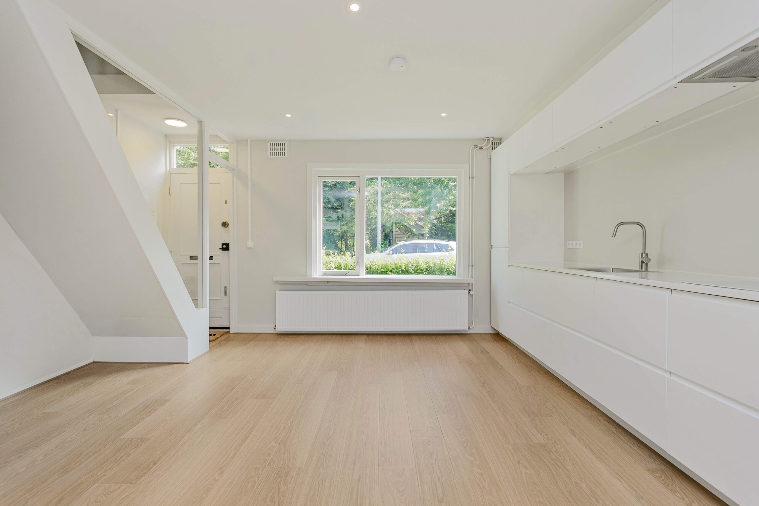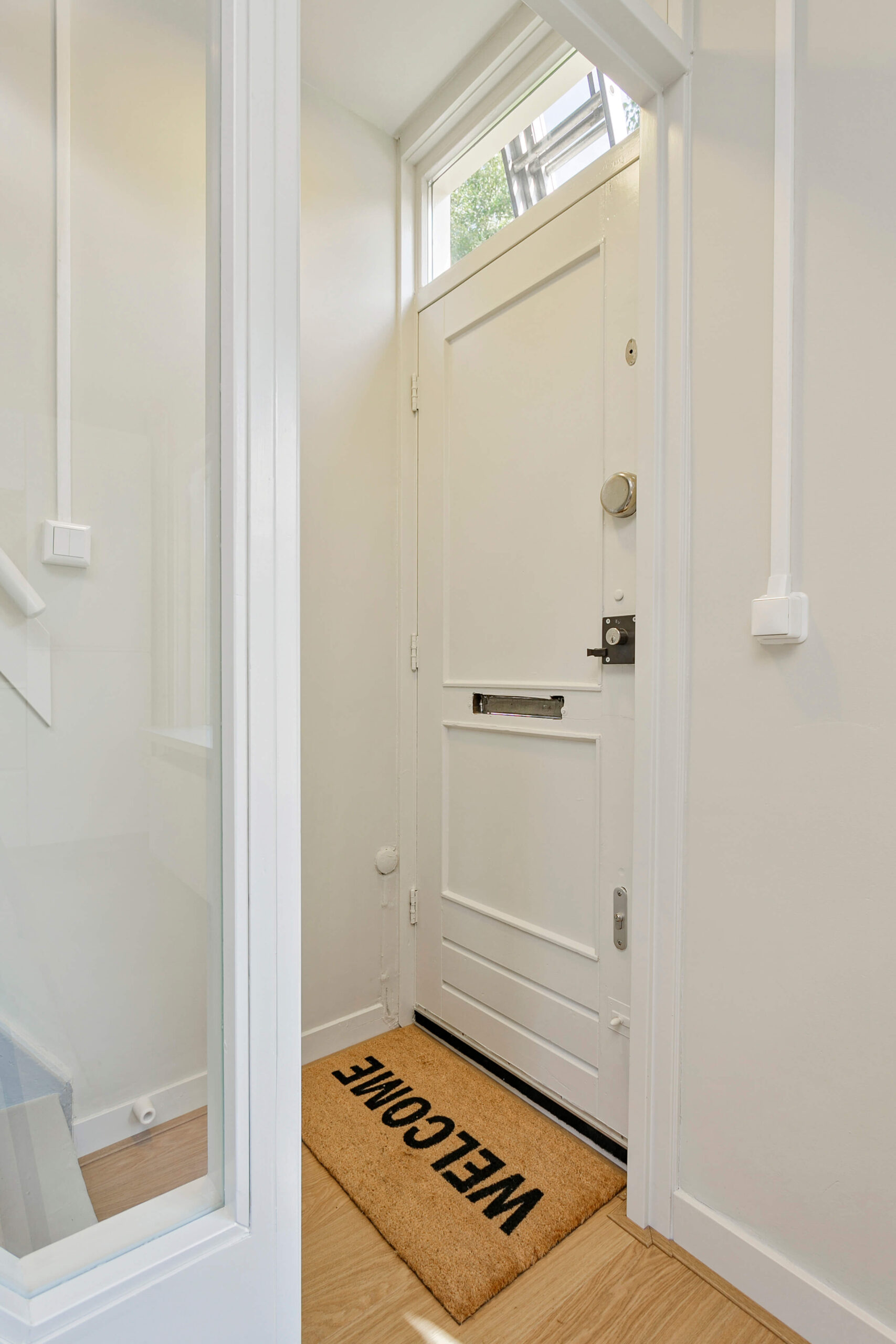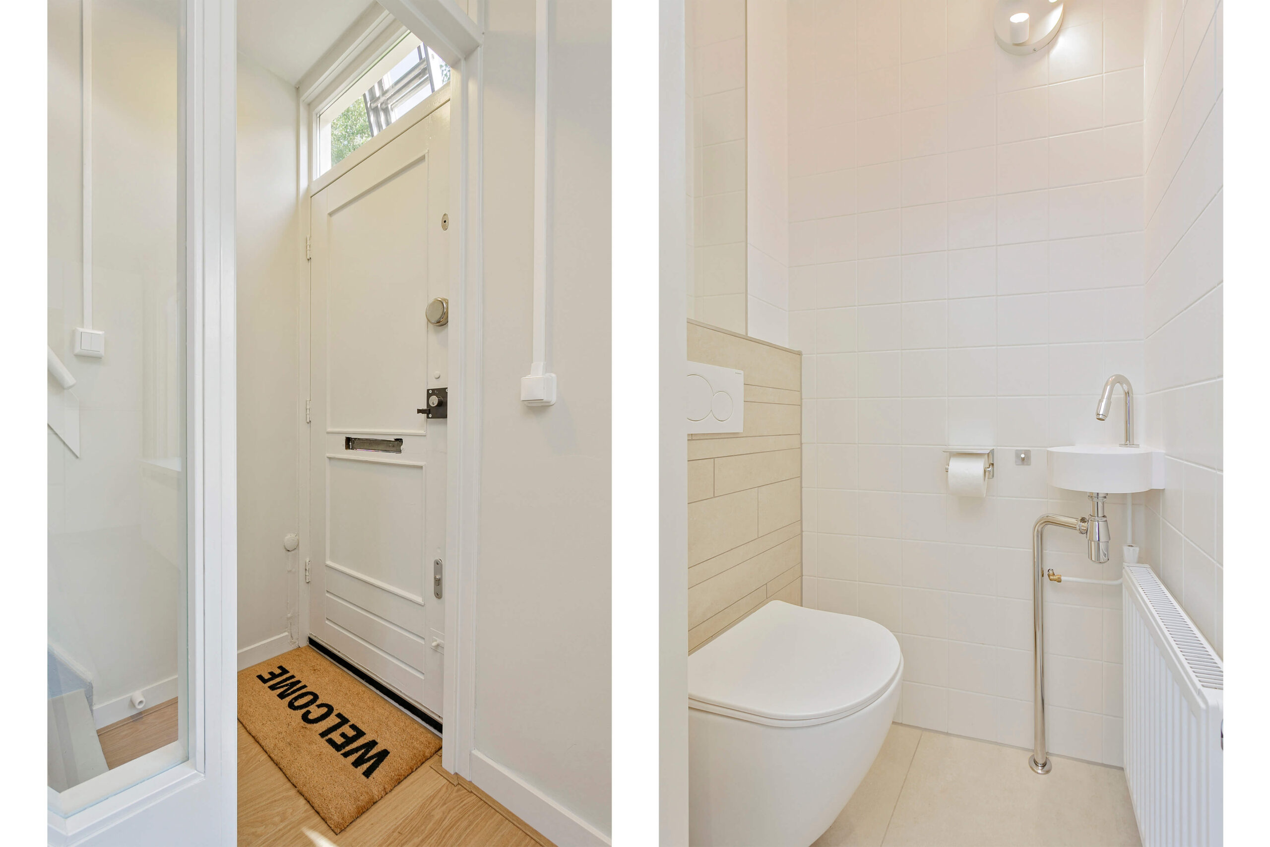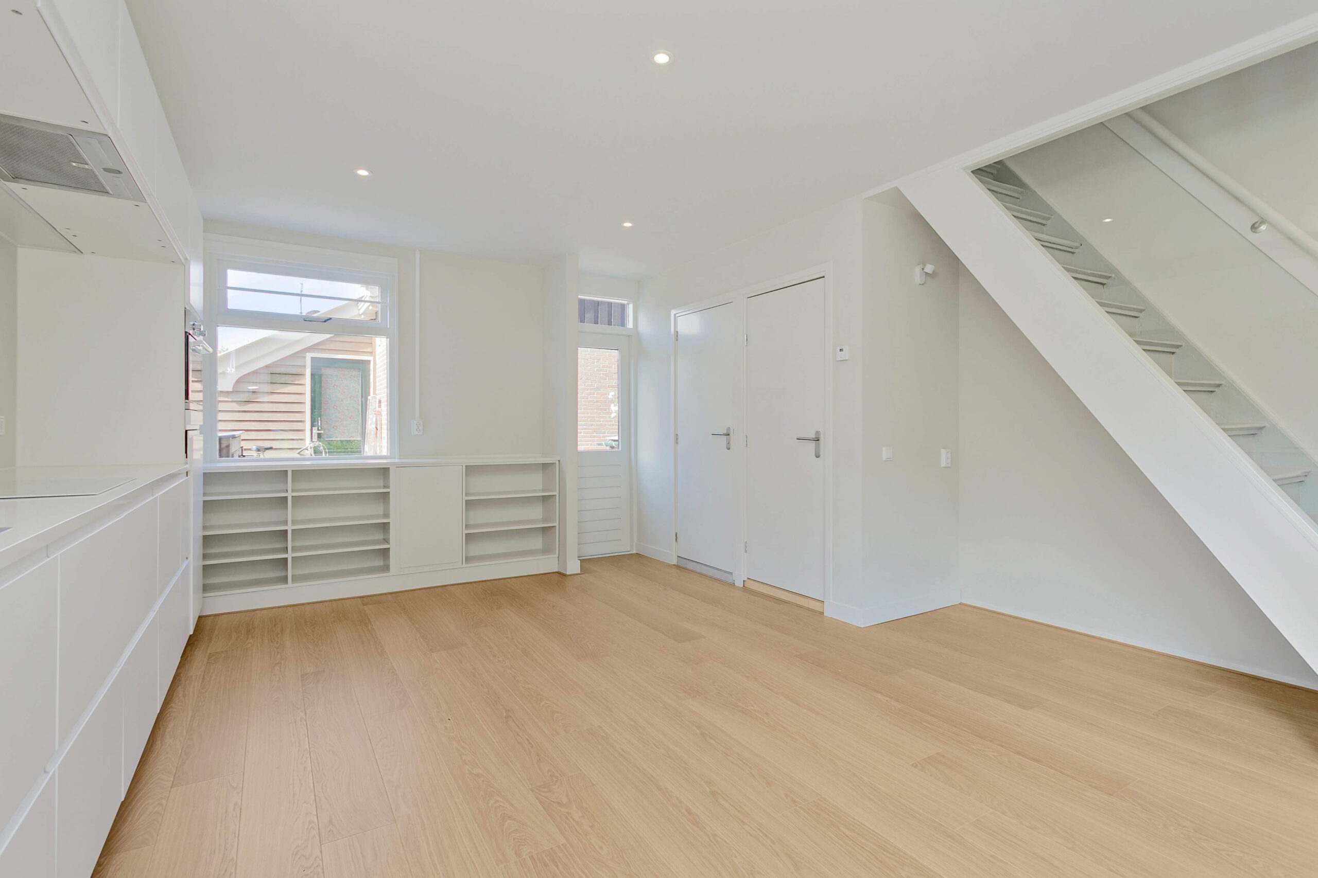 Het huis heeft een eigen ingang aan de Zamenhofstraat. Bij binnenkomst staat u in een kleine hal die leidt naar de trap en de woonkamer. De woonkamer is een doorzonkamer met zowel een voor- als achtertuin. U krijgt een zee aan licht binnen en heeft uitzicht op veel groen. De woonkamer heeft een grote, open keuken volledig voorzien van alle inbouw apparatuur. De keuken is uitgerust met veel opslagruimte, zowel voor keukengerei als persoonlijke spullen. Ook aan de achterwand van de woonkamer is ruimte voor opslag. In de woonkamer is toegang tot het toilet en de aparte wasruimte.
================
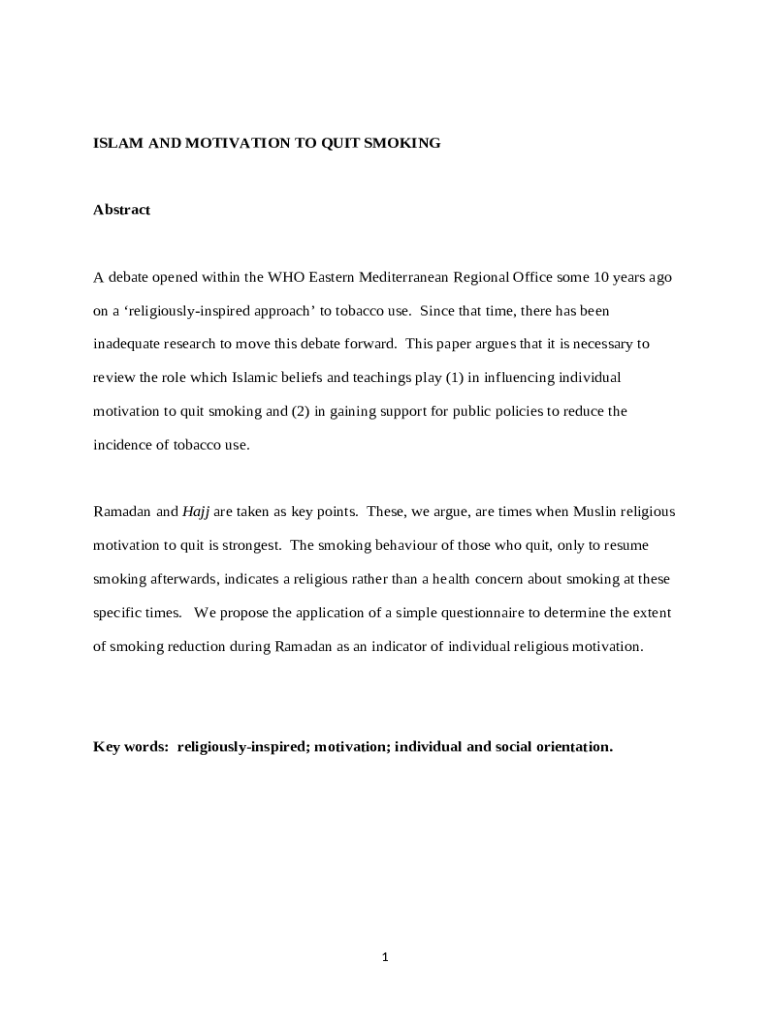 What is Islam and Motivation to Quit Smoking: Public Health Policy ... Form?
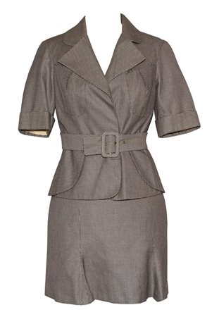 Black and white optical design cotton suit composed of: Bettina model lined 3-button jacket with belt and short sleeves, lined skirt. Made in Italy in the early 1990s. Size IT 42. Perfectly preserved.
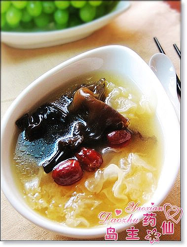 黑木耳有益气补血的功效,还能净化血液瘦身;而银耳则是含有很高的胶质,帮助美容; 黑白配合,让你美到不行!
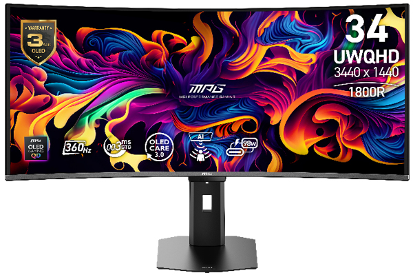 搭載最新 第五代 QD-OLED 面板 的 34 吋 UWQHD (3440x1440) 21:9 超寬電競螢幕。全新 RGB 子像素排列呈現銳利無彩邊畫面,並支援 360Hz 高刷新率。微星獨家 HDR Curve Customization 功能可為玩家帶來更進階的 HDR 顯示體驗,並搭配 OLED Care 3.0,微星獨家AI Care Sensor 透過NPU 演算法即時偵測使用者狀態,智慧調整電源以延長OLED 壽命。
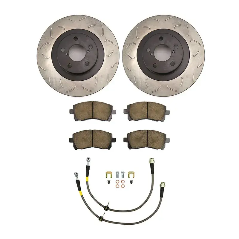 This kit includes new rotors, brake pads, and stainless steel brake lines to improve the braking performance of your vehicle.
================
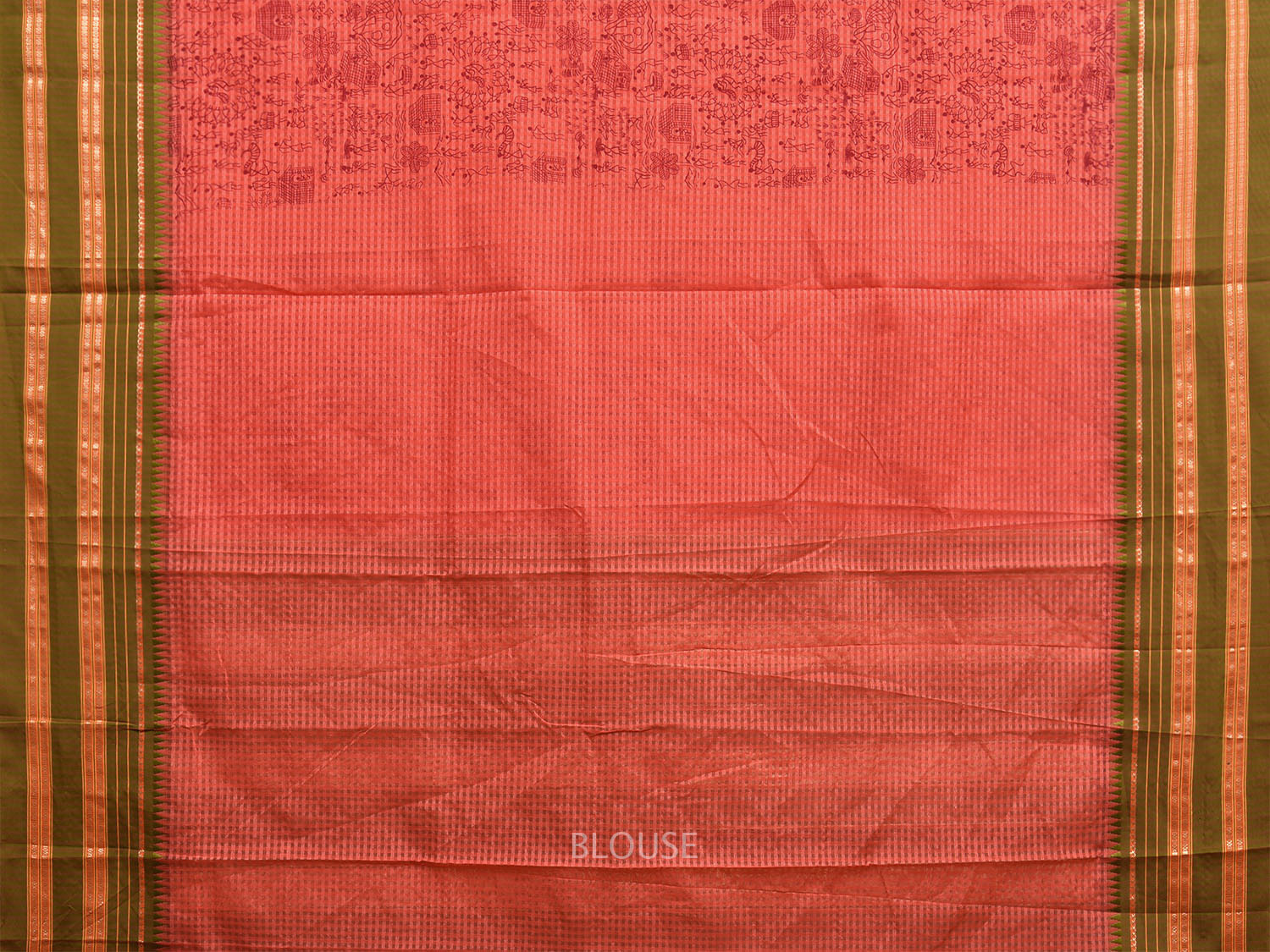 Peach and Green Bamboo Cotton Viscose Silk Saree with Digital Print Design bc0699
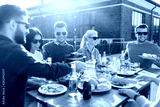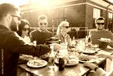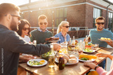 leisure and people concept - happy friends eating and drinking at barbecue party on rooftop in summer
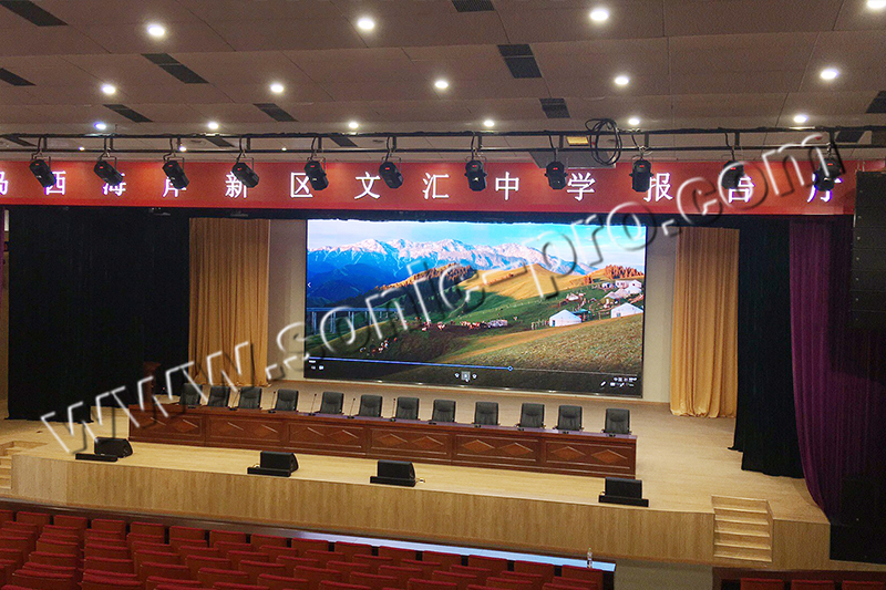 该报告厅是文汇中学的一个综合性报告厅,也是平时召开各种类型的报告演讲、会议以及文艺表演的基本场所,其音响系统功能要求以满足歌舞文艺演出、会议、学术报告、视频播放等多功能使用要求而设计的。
================
● **Work instruction**
Give back exactly, and solely, the section of the data above bounded by the line containing "搭載最新 第五代 QD-OLED" and the line containing "This kit includes", both bounding lines included and pictures omitted.

● **Final answer**
 搭載最新 第五代 QD-OLED 面板 的 34 吋 UWQHD (3440x1440) 21:9 超寬電競螢幕。全新 RGB 子像素排列呈現銳利無彩邊畫面,並支援 360Hz 高刷新率。微星獨家 HDR Curve Customization 功能可為玩家帶來更進階的 HDR 顯示體驗,並搭配 OLED Care 3.0,微星獨家AI Care Sensor 透過NPU 演算法即時偵測使用者狀態,智慧調整電源以延長OLED 壽命。
 This kit includes new rotors, brake pads, and stainless steel brake lines to improve the braking performance of your vehicle.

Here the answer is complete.